Another big issue is building it so there's over hangs on all sides of the roof. 
That one simple thing will reduce the mantaince on the building by at least 50%.
Using 6 X 6's instead of 4 X 4" and making sure to set them no more then 4' apart will also reduce floor bounce, keep the door from sagging, get the flooring higher off the ground.
Use 3/4" Advantech for the subflooring, use construction adhesive on top of the floor joist
when setting the subfloor.


----------



## Oso954 (Jun 23, 2012)

Check with your building Department. You may find that while a 12x15 requires a permit, a 10X12 (120 sq ft or less) does not.

Your set backs are going to depend on height, at least in the 120+ category.

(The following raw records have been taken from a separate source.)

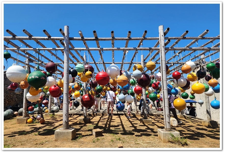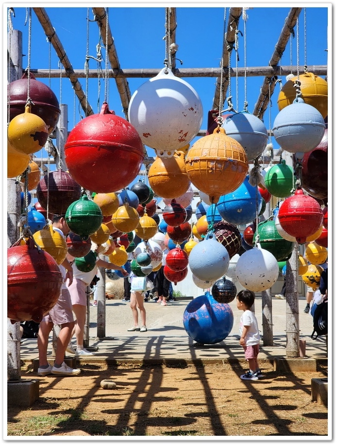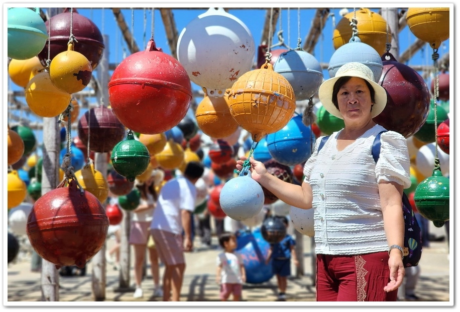 大量從中國飄過來的浮球廢棄物在藝術家巧手裝飾下,成為『南寮社區』中最吸引人注目的裝飾品,上百顆大大小小色彩鮮艷的浮球,營造出奇特的空間感,非常適合拍照!
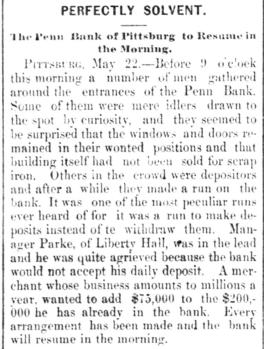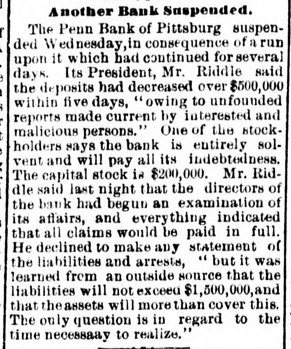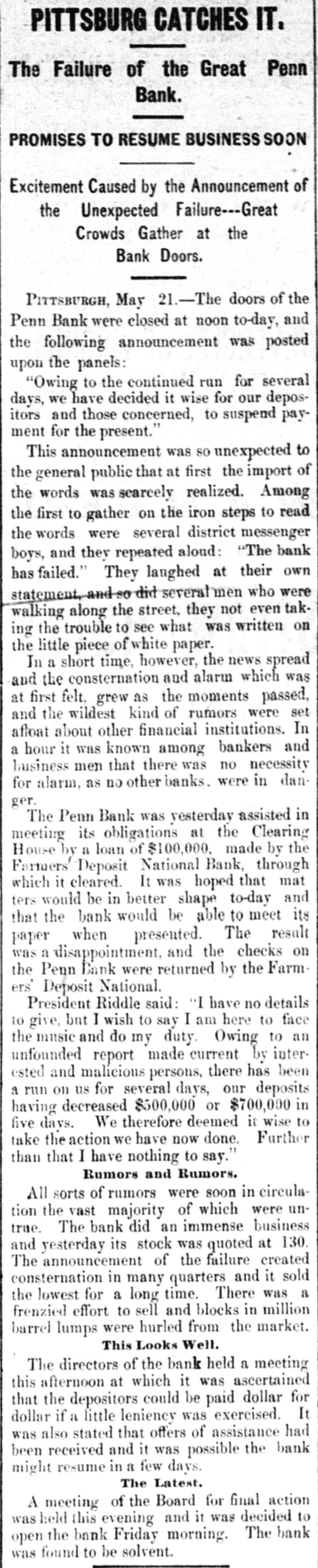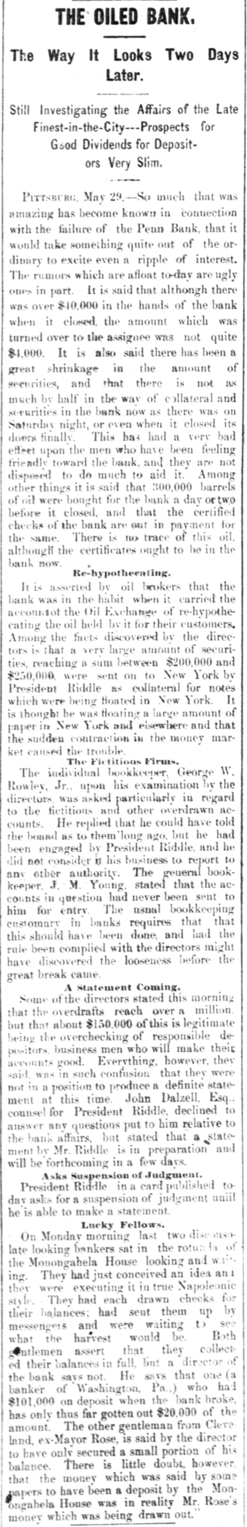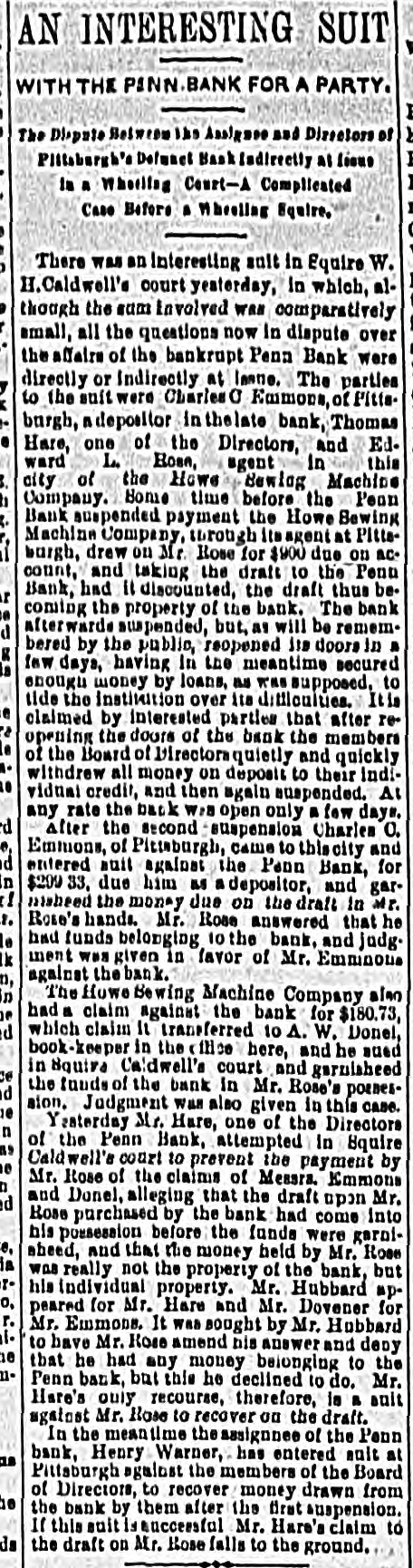 SUNDAY'S NEWS IN BRIEF. Domestic. Alexander Dirjan, manufacturer of moldings, Brooklyn, assigned. Liabilities, $66,000. Eugene Glenn, tried at Petersburg, Va., for the murder of C. W. Holland, was acquitted. A gang of three counterfeiters was captured in a small secluded cabin, near Bourbon, Ind. The banking houses of Amos Henderson. Lancaster, Pa., with $200,000 deposits, suspended. The cold wave checked the rise in the Ohio and its branches and averted a threatened flood. The imports of specie for the week ending Jan. 18, were $240,000, and the exports $6,290,000. The pallium for Archbishop Leroy, of New Orleans, was received and conferred Saturday, Jan. 17. The Houston Spring-wagon Works. Columbus, O., were destroyed by fire. Loss, $75,000; insurance, $50,000. A special Chicago jury returned indictments against seven of the participants in the election frauds of that city. Herman Toller was struck by an engine on the Cincinnati Northern Railway, near Montgomery road, and instantly killed. Efforts are being made to impeach Judge Frank A. Guthries, of Charleston. W. Va. There are flfteen charges against him. The revised figures of the loss by the fire at Keefer & Son's flour mill, Covington, Ky., are $65,000. The insurance is $52,000. The boiler at Earnest's saw mill, near Lebanon, Pa., exploded and killed three workmen, and seriously injured three others, Work in the Sunday Creek Valley (Corning, 0.) mines is going on quietly. The miners are being paid seventy cents a ton, and ask no more. D. E. Swan, an embezzler of the funds of the Northern Pacific Railway Company, has been sentenced to the penitentiary for thirteen years and six months. John Berbech, of St. Louis, committed suicide by jumping off the middle pier of the bridge over the Mississippi. The distance to the water was seventy feet. He had just been fined $500 for adultry. James F. Collins, of Cadez, O., who absconded with his accounts with the Adams Express Company and the P., C. & St. L. Railway Company, short about $3,600, was captured in New Orleans and brought back home. An attempt was made to blow up the hat factory of Crofut & Knapps, Bridgeport, Cor with dynamite. The building was partly damaged, but no one was hurt. Seventeen employes who did not go out on the strike were in the building at the time. Declarations have been filed in the case of the Penn Bank of Pittsburg for the use of Assignee Warner against the directors of the defunct institution, in whict the damages are laid at $6,000,000. The amount in reality involved is $900,000, being overdrafts. John Kurtz and James Hyland, two farmers residing near Middlesex, Pa, quarreled in the home of the former, after becoming intoxicated on hard cider, The latter, on being ejected from the house, returned armed with an ax, broke in the door and killed Kurtz.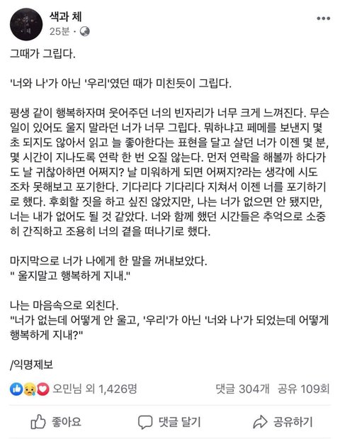 네가 잘 지낸다고 해서 다행인데 사실 많이 슬퍼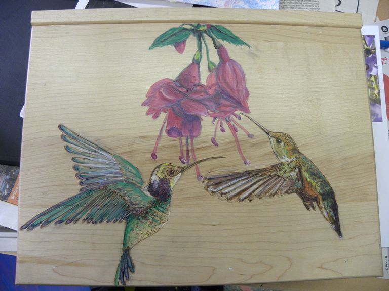 Personalizing cherished memories, is possible with customized artwork. In this case, hummingbirds were the selected choice.

Emphasize the skid built in your discussions. They may give you a little latitude on the setbacks and/or any easements, as it can be moved, if necessary.


----------



## bionictony (Apr 16, 2012)

i'm building my 8x12 shed on 2 4x4x12 pressure treated skids. For a 15x12, you may want 3 rows of skids?


----------



## landfillwizard (Feb 21, 2014)

For the extra money, I would use 4"X6" treated for the foundation! You may want to put in a wooden floor and the 6" space under the floor joist will help to keep moisture from rotting the joists.


----------



## beinb (Mar 31, 2014)

Treated for ground contact is ok, life span depends on moisture level...if the soild is constantly damp, 10 to 15 years is typical.

If you're worried about it blowing over, pour some footings and attached. If you load up with stuff, it's going to be mighty heavy...if that blows away, your house, or at least its roof, will probably go with it...


----------